Cyber Incidents tracker
This table displays publicly disclosed cyber incidents.
What does the Cyber Incidents page contain?
The cyber incidents tracker contains data collected from existing public repositories regarding disclosed cyber incidents of several types and severity. All data is open source.
Six different public databases are used:
-
OT specific databases:
- TI Safe Incident Hub
- ICS STRIVE
-
General IT/OT databases:
- KonBriefing
- CISSM Cyber Attacks Database
- Hackmageddon
- European Repository of Cyber Incidents (EuRepoC)
It's important to note that the incidents in the table may appear duplicated due to the aggregation of data from multiple databases. This approach, while efficient for initial analysis, does not involve a thorough deduplication process, which can lead to some redundancy.
Victim profile dataset
This table displays the victim profile dataset with enriched data from incidents and non-incidents used for attractiveness.
What is the victim profile dataset?
This page displays different insights from the dataset built in the DICYME project for developing the Attractiveness concept. You can read about this indicator in Indicators > Attractiveness.

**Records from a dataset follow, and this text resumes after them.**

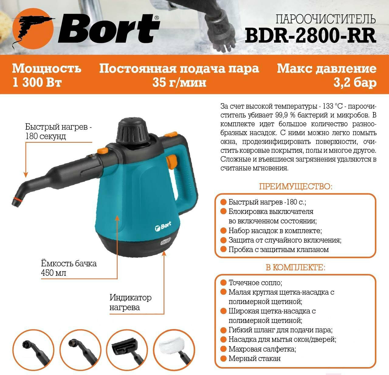 - Обзор пароочистителя Bort BDR 2800 RR
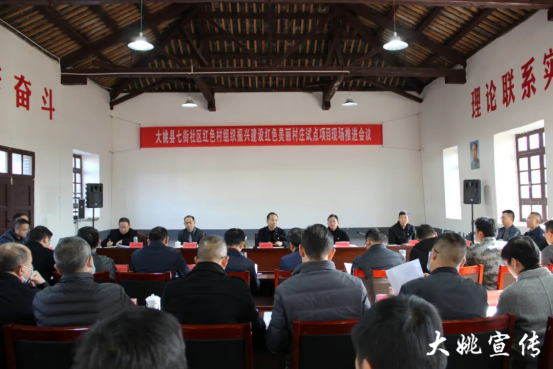 李开传、宋宗基、马跃云、沈克敏、黄忠、余忠诚、李国荣、张唯岚、胡照平、周建民、杨晓丽等县级领导参加调研并对七街社区红色村组织振兴建设红色美丽村庄试点项目提出意见建议。相关部门主要负责同志围绕“发挥部门职能职责,加强项目资金整合,把七街社区打造成为红色美丽村庄示范村”作表态发言。
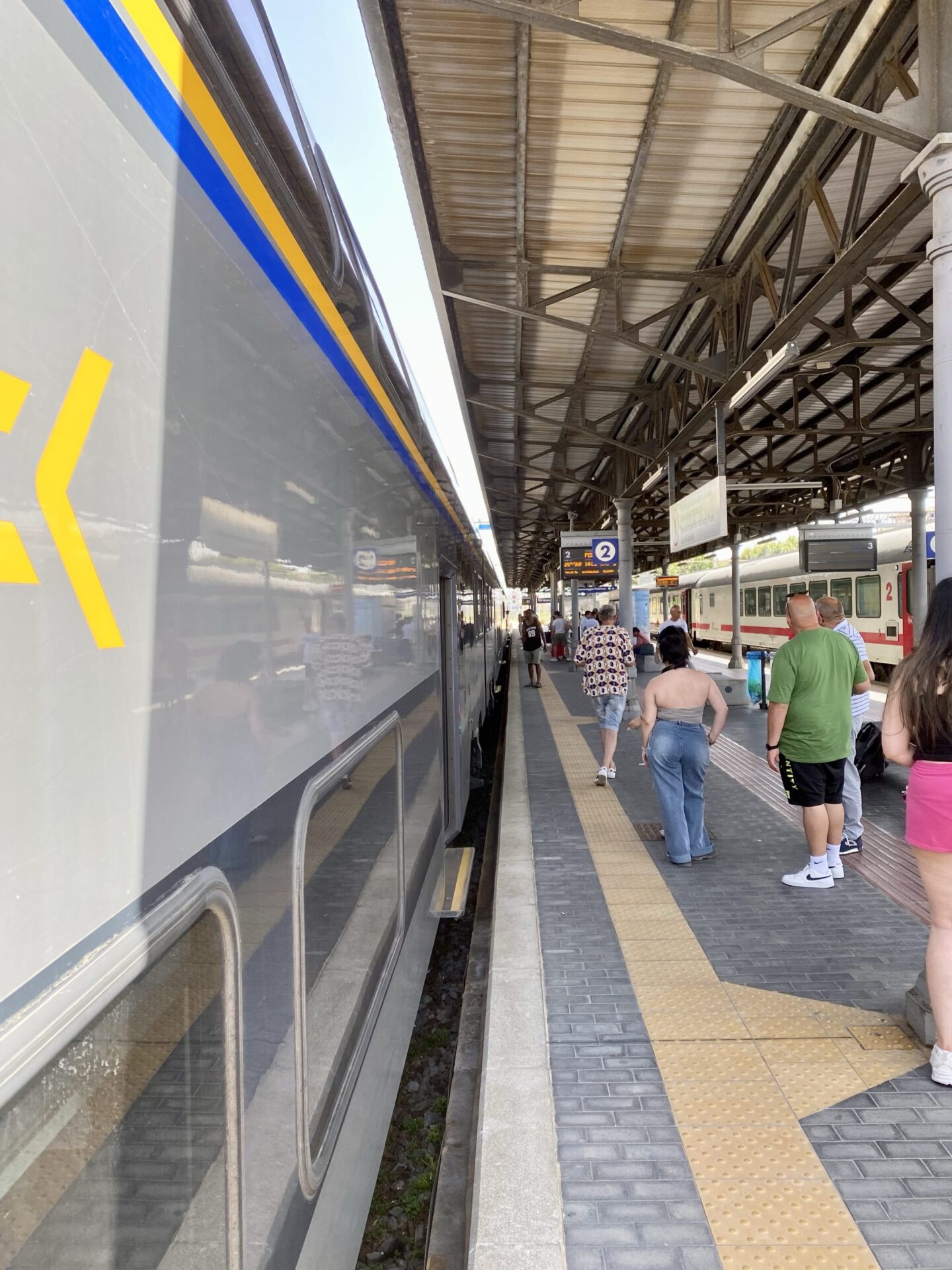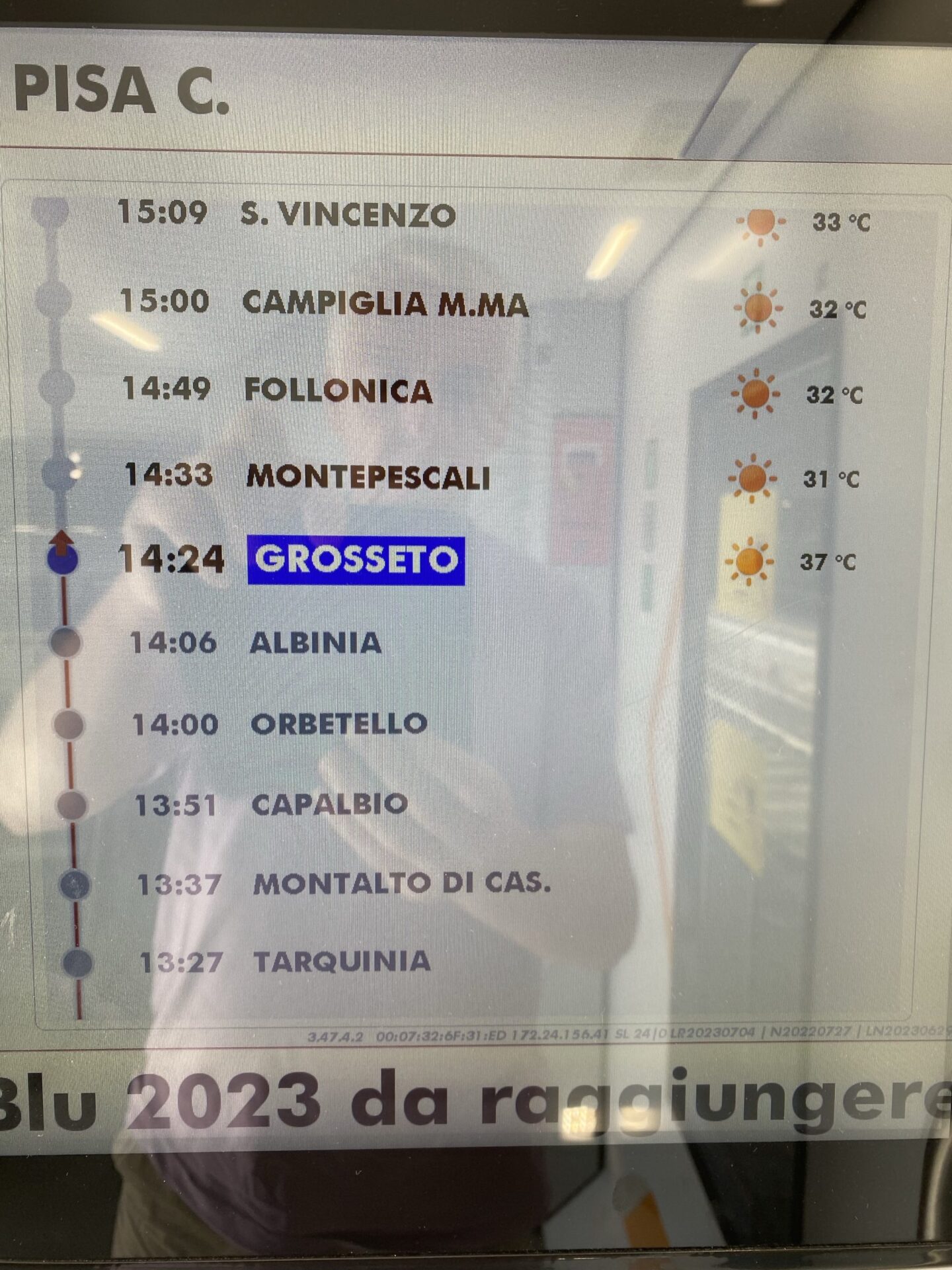 The train had been running late throughout it’s journey, and by the time we arrived in Grosseto, was about 15 minutes behind schedule. We were told that there would be a further 10 minute delay due to a technical problem. The power went off on the train, but fortunately the doors had been opened. I say fortunately, they were letting very hot air in. The display on the train said 37°C (i.e. body temperature, 98.6°F) just before the power was switched off but at least it was circulating, which was marginally less unpleasant. Lots of people got off, some went to the concourse to get drinks.

We have built a dataset that contains targeted entities that appear in public databases where confirmed cyber incident victims are reported. These databases are the European Repository of Cyber Incidents (EuRepoC), Hackmageddon, Jam Cyber, TI Safe Incident Hub, KonBriefing, CISSM Cyber Attacks Database, and ICS STRIVE. We complete the dataset with similar entities that have not reported incidents. For the incidents, they can be one of the following four categories:
- Data breach: a threat to confidentiality.
- Destruction: a threat to integrity.
- Denial of service: a threat to availability.
- Ransomware: a potential threat to confidentiality, integrity, and availability.
Which data makes up the dataset?
For each incident or non-incident, we have collected its date, the entity name and the incident type, if so. We have also collected the following information about the entity, divided in three groups:
-
Basal attractiveness: an entity may more attractive to an adversary mainly based on its static features, also called firmographic data.
- Country: headquarters location based on country.
- Category: entity sector provided by RocketReach tool.
- Revenue: annual billing of the entity (USD).
- Earnings: annual profit of the entity (USD).
- Publicly traded: whether it is listed on the stock exchange (true/false).
- Employees: size of the entity regarding the number of employees.
- Profitable: whether it is for-profit (true/false).
-
Online reputation: an entity may be more attractive to an adversary based on its online reputation, defined as the result of what users, customers, or employees write, communicate, and share anywhere on the Internet based on their perceptions and experiences at any moment of their relationship, direct or indirect, with the entity.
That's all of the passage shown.